海外と日本とのブリッジをもっと作っていきたい

Matt Cab(写真=西村満)

ーーこれまではプロデューサーやソングライターは、アーティストに比べて注目される機会が少なかったと思います。最近では『Works』のようなプレイリストが公開されるなど全体の雰囲気は以前よりも改善されてきましたが、このような状況をどう捉えていますか?

Matt Cab:昔はアルバムのライナーノーツを見て、どんなプロデューサーが参加しているかなどを調べていましたが、『Works』のようなプレイリストの登場やストリーミングサービス上での楽曲クレジット表示などのおかげでより簡単に情報にアクセスできるようになったと思います。それと曲を提供する側としては、アーティストのファンに「このプロデューサーやソングライターが参加していたからこういうサウンドになった」ということが伝わりやすくなったのもありがたいです。

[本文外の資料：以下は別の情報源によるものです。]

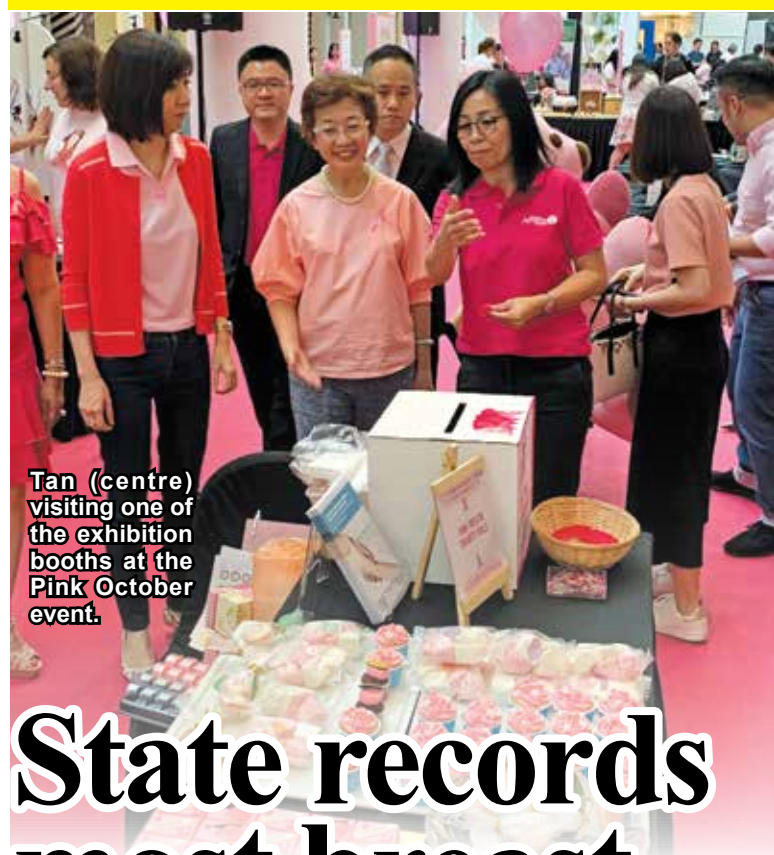
Tan (centre) visiting one of the exhibition booths at the Pink October event.

 また最近のアメリカでは、プロデューサーやソングライターにも注目が集まる機会が増えましたが、そういった環境をもっと日本に広げていきたいと思って、今年始めたのが「UBER BEATS」というプロジェクトです。このプロジェクトでは、僕が用意したサンプルとアカペラをいろいろなプロデューサーたちに送って、新たにビートを作ってもらうのですが、これを通じて参加してくれたプロデューサーたちにも注目が集まるようになれば嬉しいです。

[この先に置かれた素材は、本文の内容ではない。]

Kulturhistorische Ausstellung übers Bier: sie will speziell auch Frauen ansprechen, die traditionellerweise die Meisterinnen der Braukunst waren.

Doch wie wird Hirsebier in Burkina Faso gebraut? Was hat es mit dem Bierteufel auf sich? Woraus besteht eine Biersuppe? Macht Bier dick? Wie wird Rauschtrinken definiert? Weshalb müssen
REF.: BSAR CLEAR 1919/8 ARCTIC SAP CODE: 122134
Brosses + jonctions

4人の音楽プロデューサーが同じネタで料理する「UBER BEATS」EPISODE 1

ーー最後にマットさんの今後の展望を教えてもらえますか?

Matt Cab:イノベーションというか、音楽でこれまでなかった新しいアイデアを生み出してみたいです。そのために音楽をツールとして使いながら、他のコラボレーターとたくさんセッションする。そうすればオリジナルなものが生まれる気がします。

 あとは今はコロナ禍が落ち着き出している気がするので、今後は海外と日本とのブリッジをもっと作っていきたいです。それで音楽を通じていろいろな人と会話ができるようになればみんなが成長できると思うし、僕はそのためのコミュニケーションを繋ぐハブになりたいです。